The reasons why these questions are important is because if the neural network is too large (too small) the neural network could potentially overfit (underfit) the data meaning that the network would not generalise well out of sample.

Let’s look at the various components: inputs, layers, and outputs, as shown below.

Blog 11-2

Inputs

The number of inputs depends on the problem being solved, the quantity and quality of available data, and perhaps some creativity.

Inputs are simply variables which we believe have some predictive power over the dependent variable being predicted.

If the inputs to a problem are unclear, you can systematically determine which variables should be included by looking at the correlations and cross-correlation between potential independent variables and the dependent variables.

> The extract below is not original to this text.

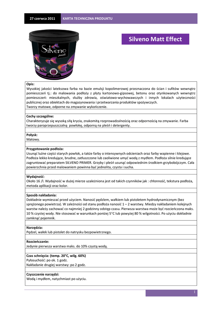 27 czerwca 2011 KARTA TECHNICZNA PRODUKTU Silveno Matt Effect Opis: Wysokiej jakości lateksowa farba na bazie emulsji kopolimerowej przeznaczona do ścian i sufitów wewnątrz pomieszczeń tj.: do malowania podłoży z płyty kartonowo-gipsowej, betonu oraz otynkowanych wewnątrz pomieszczeń: mieszkalnych, służby zdrowia, oświatowo-wychowawczych i innych lokalach użyteczności publicznej oraz obiektach do magazynowania i przetwarzania produktów spożywczych. Tworzy matowe, odporne na zmywanie wykończenie. Cechy szczególne: Charakteryzuje się wysoką siłą krycia, znakomitą rozprowadzalnością oraz odpornością na zmywanie. Farba tworzy paroprzepuszczalną powłokę, odporną na pleśń i detergenty. Połysk: Matowy. Przygotowanie podłoża: Usunąć luźne części starych powłok, a także farby o intensywnych odcieniach oraz farby wapienne i klejowe. Podłoża lekko kredujące, brudne, zatłuszczone lub zaoliwione umyć wodą z mydłem. Podłoża silnie kredujące zagruntować preparatem SILVENO PRIMER. Grzyby i pleśń usunąć odpowiednim środkiem grzybobójczym. Cała powierzchnia przed malowaniem powinna być jednolita, czysta i sucha. Wydajność: Około 16 /l. Wydajność w dużej mierze uzależniona jest od takich czynników jak : chłonność, tekstura podłoża, metoda aplikacji oraz kolor. Sposób nakładania: Dokładnie wymieszać przed użyciem. Nanosić pędzlem, wałkiem lub pistoletem hydrodynamicznym (bez sprężonego powietrza). W zależności od stanu podłoża nanosić 1 – 2 warstwy. Miedzy nakładaniem kolejnych warstw należy zachować co najmniej 2 godzinny odstęp czasu. Pierwsza warstwa może być rozcieńczona maks. 10 % czystej wody. Nie stosować w warunkach poniżej 5°C lub powyżej 80 % wilgotności. Po użyciu dokładnie zamknąć pojemnik. Narzędzia: Pędzel, wałek lub pistolet do natrysku bezpowietrznego. Rozcieńczanie: Jedynie pierwsza warstwa maks. do 10% czystą wodą. Czas schnięcia: (temp. 20°C, wilg. 60%) Pyłosuchość: po ok. 1 godz. Nakładanie drugiej warstwy: po 2 godz. Czyszczenie narzędzi: Wodą i mydłem, natychmiast po użyciu. 1 27 czerwca 2011 KARTA TECHNICZNA PRODUKTU Silveno Matt Effect Przechowywanie: Przechowywać i transportować w szczelnie zamkniętych pojemnikach, w temp. powyżej 5°C.W celu uzyskania szczegółowych informacji należy zapoznać się z kartą techniczną produktu. Trwałość: Minimum 3 lata od daty produkcji, w nie otwieranych pojemnikach. Pojemność: Biała: 0,75l; 2,5l; 5l; 10l. Baza 10, 20 lub 30: 0,75l; 2,25l; 4,5l; 9l Dodatkowe informacje: W przypadku użycia wyrobu niezgodnie z zaleceniami, producent nie ponosi odpowiedzialności. Wyrób zgodny z PN – C – 81914:2002 Produkt posiada Atest PZH Wartość graniczna LZO w g/l dla tego produktu (kat.a, pkt.1): 30g/l (2010). Produkt ten zawiera maks. 1g/l LZO. Wyprodukowano w Unii Europejskiej dla Konsorcjum Handlowego „STOFARB” S.A ul. Gościnna 1 41-500 Chorzów Polska, tel. 32 241-69-77 www.silveno.pl 2
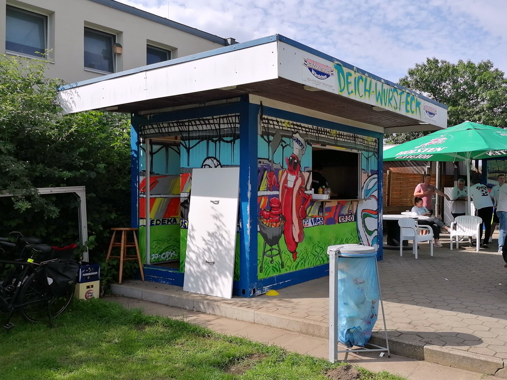 Weiter ging es in die Vierlande in den Stadtteil Curslack, was schon gar nicht mehr so richtig Hamburg ist, sondern elbaufwärts im Marschland Richtung Geesthacht liegt. Prunkstück der schönen Anlage ist eine stattliche überdachte Tribüne, die im erhöhten Bereich überdachte Sitzplätze und unterhalb eine ungedeckte Stehstufenanlage bietet. Der HEBC war zunächst das bessere Team und verpasste mehrere gute Einschussmöglichkeiten. Ziemlich aus dem Nichts gingen die Gastgeber dann nach 20 Minuten in Führung und legten kurz darauf per Elfmeter nach. Sollten die Gäste mit frischem Mut aus der Kabine gekommen sein, erhielt dieser mit dem dritten Treffer für die Hausherren einen herben Dämpfer. Auch wenn der HEBC weiter alles versuchte, war die Messe gelesen und je ein Treffer hüben wie drüben in der Schlussphase waren nur noch Kosmetik.

Inputs that do not influence the output (at least not too much) are simply discarded.

There are two problems with using correlations to select input variables.

  • using a linear correlation metric you may inadvertently exclude useful variables.
  • relatively uncorrelated variables could potentially be combined to produce a strongly correlated variable. If you look at the variables in isolation you may miss this opportunity.

To overcome the second problem you could use principal component analysis to extract useful eigenvectors (linear combinations of the variables) as inputs. That said a problem with this is that the eigenvectors may not generalise well and they also assume the distributions of input patterns is stationary.

Another problem when selecting variables is multicollinearity. Multicollinearity is when two or more of the independent variables being fed into the model are highly correlated. In the context of regression models this may cause regression coefficients to change erratically in response to small changes in the model or the data. Given that neural networks and regression models are similar this is also a problem for neural networks.

Last, but not least, one statistical bias which may be introduced when selecting variables is omitted-variable bias. Omitted-variable bias occurs when a model is created which leaves out one or more important causal variables. The bias is created when the model incorrectly compensates for the missing variable by over or underestimating the effect of one of the other variables, i.e., the weights may become too large on these variables or the error will be large.

Hidden layers

The optimal number of hidden units is problem-specific.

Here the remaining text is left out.